Operations Engineer Platform Engineer Apply
Job Title: Operations Engineer/Platform Engineer
Job Description:
We are seeking a highly skilled and adaptable Platform and Operations Engineer to join our team. This hybrid role combines the responsibilities of a traditional operations engineer with those of a platform engineer, ensuring that our data platforms and infrastructure are reliable, efficient, and secure. The ideal candidate will excel in system monitoring and maintenance, incident response, automation, deployments, and collaboration with cross-functional stakeholders. You should thrive in complex and ambiguous environments, demonstrating exceptional problem-solving skills and clear communication.
Schedule & Location
M-F, 9-5, or as needed for escalations
Remote, but occasional travel to customer location required (NYC Metro area candidates)
Key Responsibilities:
System Monitoring and Maintenance:
Monitor and maintain the health, performance, and availability of our data platforms and infrastructure.

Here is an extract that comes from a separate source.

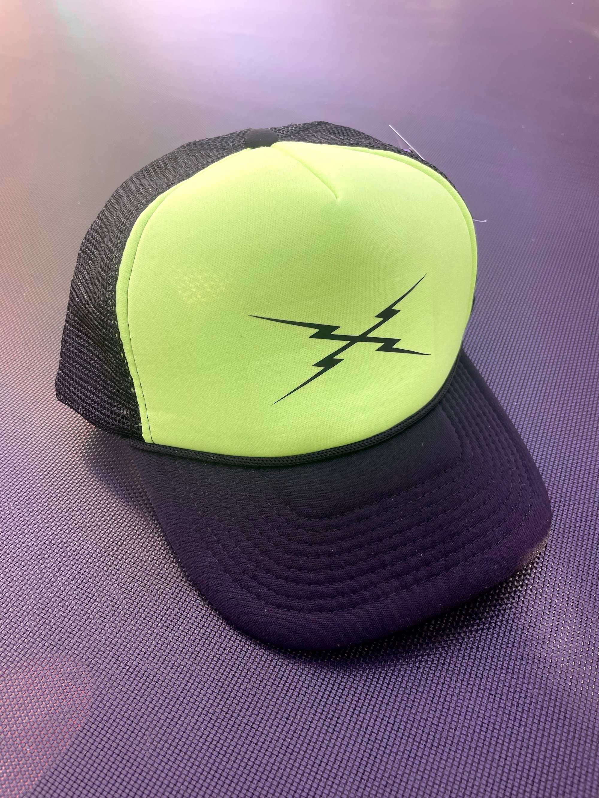 Neon/ black mesh hats w/ RB bolt printed locally right here in Las Vegas.

Perform routine maintenance, updates, and optimizations of systems and processes.
Incident Response:
Diagnose, troubleshoot, and resolve complex technical issues.
Proactively implement solutions to prevent recurrence and improve system resilience.

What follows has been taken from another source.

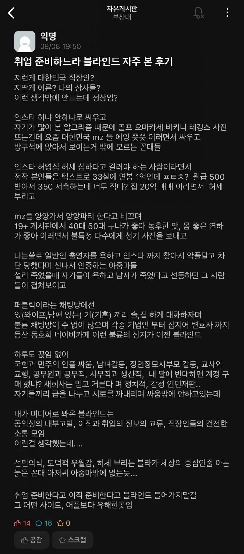 부산대 취준생의 블라인드 탐방기
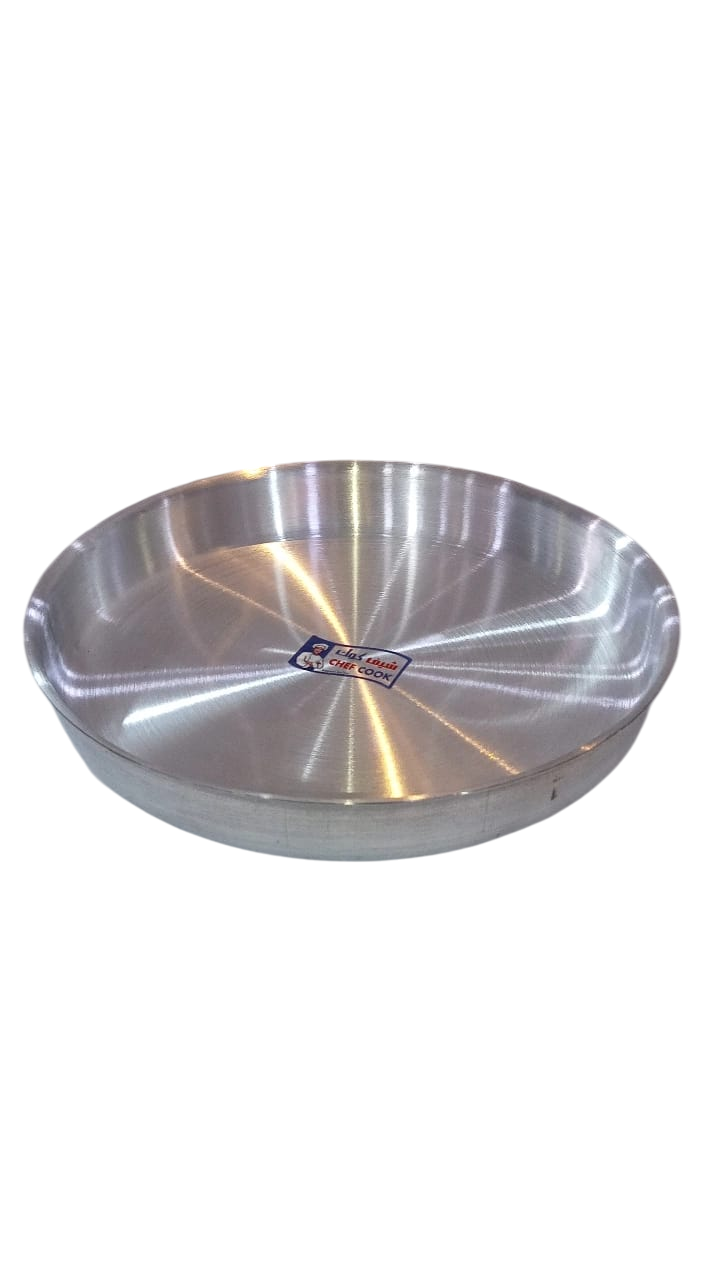This appears to be an aluminum baking pan, suitable for pizza, basbousa, or bread in general, and is typically available in various sizes. A small blue label on the pan reads “CHEF COOK,” suggesting a possible brand.

Automation and Optimization:
Develop and implement automation scripts and tools to optimize workflows.
Ensure repeatable, scalable, and efficient operations across the platform.

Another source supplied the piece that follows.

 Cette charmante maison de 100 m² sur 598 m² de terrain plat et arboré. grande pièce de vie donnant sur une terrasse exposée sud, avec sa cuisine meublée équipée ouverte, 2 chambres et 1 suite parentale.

Deployments and Configurations:
Manage deployments, configurations, and upgrades for platform services.
Ensure seamless integration between data storage, processing, and streaming solutions.
Collaboration with Stakeholders:
Partner with developers, data engineers, and business teams to align platform capabilities with organizational goals.
Serve as a liaison between technical and non-technical teams to facilitate effective communication.
Security and Compliance:
Implement security best practices and monitor for vulnerabilities.
Ensure systems and processes meet organizational and regulatory compliance requirements.
Documentation:
Create and maintain detailed documentation of system configurations, troubleshooting procedures, and operational workflows.
Key Skills and Qualifications:
Strong problem-solving abilities and the ability to thrive in complex, ambiguous environments.
Excellent communication skills with a collaborative mindset.
Hands-on experience with core Hadoop components, including HDFS, MapReduce, and Yarn.
Expertise in data streaming solutions such as Apache Kafka.
Knowledge of data storage solutions like HBase, Hive, and Kudu.
Experience with data processing frameworks such as Apache Spark or Flink.
Familiarity with DevOps tools such as Azure DevOps Pipelines and Ansible.
Proficiency in Linux-based operating systems, including shell scripting and tooling.
Basic programming knowledge and familiarity with common programming strategies and frameworks.
Experience with Cloudera platforms is highly desirable.